#### DATA BLOCK
^^^^^^^^^^^^^^^^
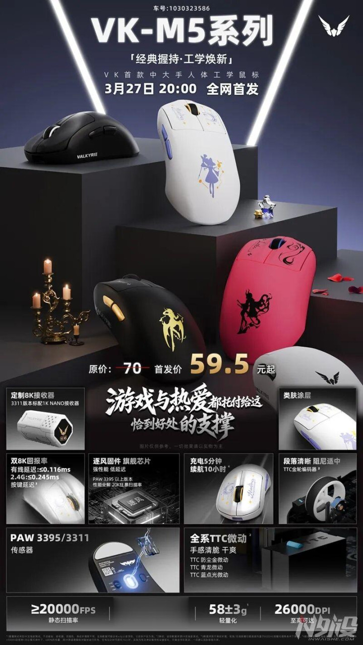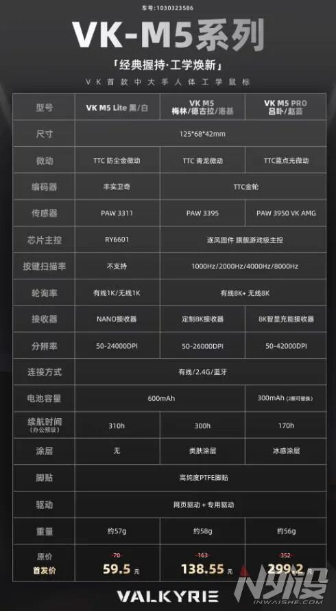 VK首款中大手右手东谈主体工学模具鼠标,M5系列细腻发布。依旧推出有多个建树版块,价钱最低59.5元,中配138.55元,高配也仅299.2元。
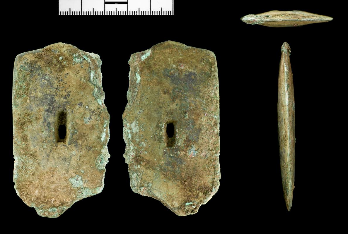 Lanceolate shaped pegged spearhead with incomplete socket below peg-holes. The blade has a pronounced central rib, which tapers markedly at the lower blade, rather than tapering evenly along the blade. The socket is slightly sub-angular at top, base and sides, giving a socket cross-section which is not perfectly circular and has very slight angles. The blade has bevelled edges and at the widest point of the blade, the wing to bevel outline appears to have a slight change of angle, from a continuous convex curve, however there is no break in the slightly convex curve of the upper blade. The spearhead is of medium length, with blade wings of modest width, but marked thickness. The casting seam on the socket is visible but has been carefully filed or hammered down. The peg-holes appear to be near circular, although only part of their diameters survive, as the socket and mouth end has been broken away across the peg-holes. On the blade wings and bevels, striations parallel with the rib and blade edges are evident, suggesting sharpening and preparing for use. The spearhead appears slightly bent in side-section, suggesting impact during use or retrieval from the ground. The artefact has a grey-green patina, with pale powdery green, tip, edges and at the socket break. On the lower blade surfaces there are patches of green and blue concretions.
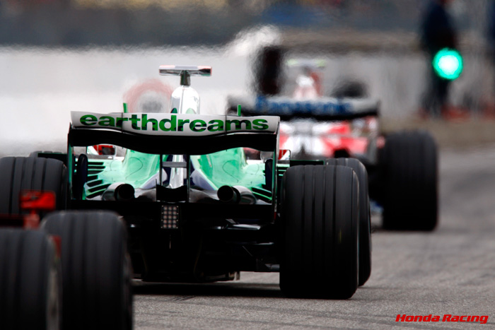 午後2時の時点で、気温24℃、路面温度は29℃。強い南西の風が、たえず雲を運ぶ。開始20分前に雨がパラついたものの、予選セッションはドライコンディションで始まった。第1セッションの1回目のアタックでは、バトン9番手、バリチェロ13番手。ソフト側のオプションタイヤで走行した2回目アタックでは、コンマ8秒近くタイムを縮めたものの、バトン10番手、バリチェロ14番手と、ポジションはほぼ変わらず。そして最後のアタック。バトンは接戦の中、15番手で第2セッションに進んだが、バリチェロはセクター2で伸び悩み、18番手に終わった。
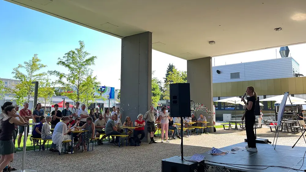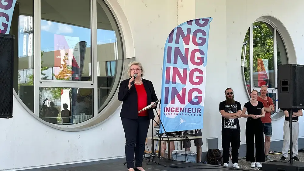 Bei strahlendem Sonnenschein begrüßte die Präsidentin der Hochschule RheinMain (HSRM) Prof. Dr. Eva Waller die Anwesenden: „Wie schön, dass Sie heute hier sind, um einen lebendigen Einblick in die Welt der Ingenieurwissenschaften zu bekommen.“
^^^^^^^^^^^^^^^^
#### WHAT YOU WILL DO
Leave out every picture and copy verbatim the lines running from the line containing "午後2時の時点で、気温24℃" through the final line of the data.

#### ANSWER FOR THIS EXERCISE
 午後2時の時点で、気温24℃、路面温度は29℃。強い南西の風が、たえず雲を運ぶ。開始20分前に雨がパラついたものの、予選セッションはドライコンディションで始まった。第1セッションの1回目のアタックでは、バトン9番手、バリチェロ13番手。ソフト側のオプションタイヤで走行した2回目アタックでは、コンマ8秒近くタイムを縮めたものの、バトン10番手、バリチェロ14番手と、ポジションはほぼ変わらず。そして最後のアタック。バトンは接戦の中、15番手で第2セッションに進んだが、バリチェロはセクター2で伸び悩み、18番手に終わった。
 Bei strahlendem Sonnenschein begrüßte die Präsidentin der Hochschule RheinMain (HSRM) Prof. Dr. Eva Waller die Anwesenden: „Wie schön, dass Sie heute hier sind, um einen lebendigen Einblick in die Welt der Ingenieurwissenschaften zu bekommen.“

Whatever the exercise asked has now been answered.